Why this matters in a multi-handle consumer
The reproducer above is single-handle for minimality, and it directly calls libzfs_mnttab_add to stand in for what zfs_mount() does internally. In our actual usage we don't call libzfs_mnttab_add directly — we hold multiple libzfs_handle_ts and use them across threads, and zfs_mount() does the add for us under the hood. The same contract violation falls out naturally:
- Handle A calls
zfs_mount(zhp_x, ...) to mount dataset X. After do_mount() succeeds, zfs_mount_at calls libzfs_mnttab_add(hdl_a, ...) at lib/libzfs/libzfs_mount.c:582. Handle A's AVL now has X.
- Handle B calls
zfs_mount(zhp_y, ...) to mount dataset Y. Same path; handle B's AVL has Y.
- Some time later, handle A queries
zfs_prop_get_int(zhp_y, ZFS_PROP_MOUNTED) for dataset Y.
- Pre-
0ecf5e3f6: A's cache is disabled, so libzfs_mnttab_find consults /etc/mtab directly, finds Y, returns mounted = 1.
- Post-
0ecf5e3f6: A's AVL has X (non-empty), so libzfs_mnttab_find skips the /etc/mtab refresh, doesn't see Y in its AVL, returns ENOENT, and ZFS_PROP_MOUNTED evaluates to 0 — even though Y is plainly mounted.
That's the failure mode we're hitting. Mounts via one handle silently invalidate ZFS_PROP_MOUNTED queries on every other handle in the process.. no warning, no logged error, just wrong answers.

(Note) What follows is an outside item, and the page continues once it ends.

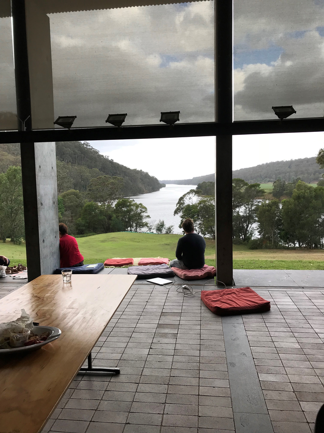 CM: Every morning we gather in the large room, an empty space to discuss art, climate change, the world around us.  Arthur Boyd’s painting Hanging Rock and Bathers (1985) hangs at one end. There is a piano, and tucked away in one corner, cushions, chairs and tables. A massive sliding glass door takes up one side of the room, the side that faces the river. It’s possible to peel back the wall entirely, to see the whole view. We’re inside and outside. It is the river and sky that fills this place, the bird chatter, kangaroo gazes, and wombat trails.

Include any warning/errors/backtraces from the system logs
Verified A/B on two otherwise-identical systems (same OS, same compiler, same reproducer build) differing only in the version of openzfs/zfs master they were built from:
Pre-0ecf5e3f6 (built from master at upstream 545d66204d, 2025-09-17 — before 0ecf5e3f6):
$ ./repro rpool/ROOT/<bootenv>/root
OK: ZFS_PROP_MOUNTED reports rpool/ROOT/<bootenv>/root as mounted
$ echo $?
0
Post-0ecf5e3f6 (built from master at upstream 4655bdd8ab, 2026-03-17 — after 0ecf5e3f6):
$ ./repro rpool/ROOT/<bootenv>/root
BUG: ZFS_PROP_MOUNTED reports rpool/ROOT/<bootenv>/root as NOT mounted
but rpool/ROOT/<bootenv>/root IS mounted (see /etc/mtab and `zfs get mounted`).
libzfs_mnttab_cache(hdl, B_FALSE) did not actually disable the cache.
$ echo $?
1
Three independent signals (/etc/mtab, zfs get mounted, zfs_prop_get_int(ZFS_PROP_MOUNTED)) all agree that the dataset is mounted on both systems; only the post-0ecf5e3f6 ZFS_PROP_MOUNTED disagrees, and only because the per-handle cache the consumer asked to disable is actually still on.
In the originally-affected production code path, this ZFS_PROP_MOUNTED == 0 trips a "filesystems are not mounted" assertion that aborts the workflow.
Background — how we use libzfs
We're a long-running, multi-threaded userland (Delphix Engine) that links libzfs directly. Nothing exotic at the libzfs boundary:
- We call
libzfs_init() to allocate a libzfs_handle_t. Handles are pooled; the pool grows lazily with concurrent demand and typically reaches 5–20 handles on a busy process. Handles are long-lived and reused.
- Immediately after each
libzfs_init() we call libzfs_mnttab_cache(hdl, B_FALSE).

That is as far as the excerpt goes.